Sambisa Forest, northeastern Nigeria
Sambisa Forest, northeastern Nigeria

A close encounter with violent Nigerian insurgent group Boko Haram could not stop 26-year-old Abubakar Umar from graduating last week at his university.

The scars on Umar’s arms distinguish him among this year’s graduating class of the American University of Nigeria, where he studied petroleum chemistry..
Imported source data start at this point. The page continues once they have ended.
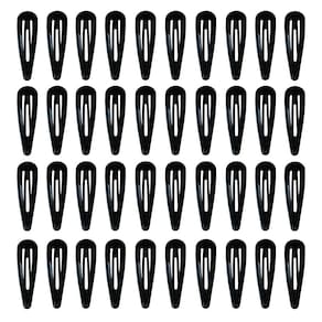 Pacote: 40 peças de clipes todos pretos. - Pacote com 40 clipes de pressão de metal, todos na cor preta. - Tamanho - O grampo de cabelo mede 4,7 cm de comprimento (4,7 cm) e 0,6 polegadas de largura - Os clipes básicos de design simples mantêm o cabelo firme sem escorregar, não embaraçam o cabelo. - Superfície lisa - processo de artesanato revestido, fácil de fixar ao cabelo.
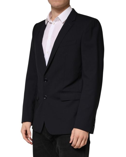 DOLCE & GABBANA Gorgeous brand new, 100% Authentic Dolce & Gabbana blazer. Designed with a sleek 2-button closure, it offers a tailored silhouette that enhances modern sophistication. Crafted from premium materials, this suit jacket is perfect for formal occasions or stylish business attire, delivering timeless Italian craftsmanship and contemporary flair. Style: 2 button suit blazer Color: Black Material: 98% Virgin Wool 2% Elastane Int.: 100% Viscose Fitting: Slim fit Three outside pockets One open vent in the back Logo details Made in Italy Great fitting and comfort
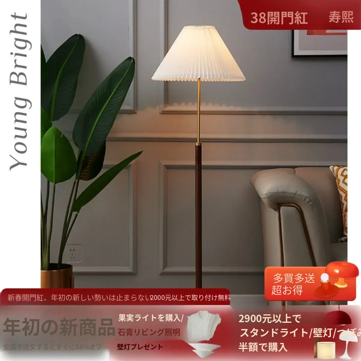 和風レトロフロアランプ|インスタ映えの寝室・リビング・書斎に最適|ウォールナット無垢材×全銅の高級感あふれるプリーツデザイン|おしゃれで温かみのある空間を演出!

A nighttime road trip from the campus in the northeastern city of Yola to the northern metropolis of Kano to visit family nearly turned deadly for Umar when he ran into a band of fighters from the Boko Haram insurgent group. The extremists repeatedly have bombed schools and killed students in their six-year quest to impose strict Islamic law.

As Umar neared Potiskum, a city frequently targeted by Boko Haram in the war-torn Yobe State, other motorists warned him against taking his planned route because of the danger of attack. He had turned onto an alternate road when it happened.

“And that was when I heard the gunshot. Actually I slowed down because there was a pothole; the road was very, very bad," said Umar. "I think I was driving at about 60 or 40 kilometers per hour. And that was when I just saw these people coming out from the bush, and they were screaming ‘Allahu Akbar’ and they were screaming at my car.”

As Umar accelerated, a bullet hit his right arm; further down the road, a second attack happened and a second bullet hit his left arm. He pulled over only when he reached a town and changed clothes so he would look like a local.

He received no aid. An old man told him the town was under Boko Haram control and that anyone helping him would be killed. Eventually, a family allowed him to hide in their outhouse overnight. The next morning, the homeowner gave Umar a phone so he could call his friends to pick him up.

Before he could leave, though, the good Samaritan insisted he adopt a disguise.

“If I am going to go out the following morning, I have to disguise myself, so I do not look like the same person that entered into his house," Urmar said. "So I have to put mud and chicken dung on my head and I might look like a madman with my shoes in my pocket, and that was how I decided to disguise myself.”

At a commencement dinner last Friday, the university gave Umar an award for courage. He managed to complete his studies, even though he could not use his right hand for 14 weeks.

“I should have died on that day. I could have died on that day; because I lost so much blood, I passed out. There was not any medication that [I] could take ... the next morning. But somehow, I think the Lord kept me alive for a special reason and one of those reasons is for me to be here to complete my degree,” he said.

Umar is not done with school; he wants to continue to get a master's degree in his field.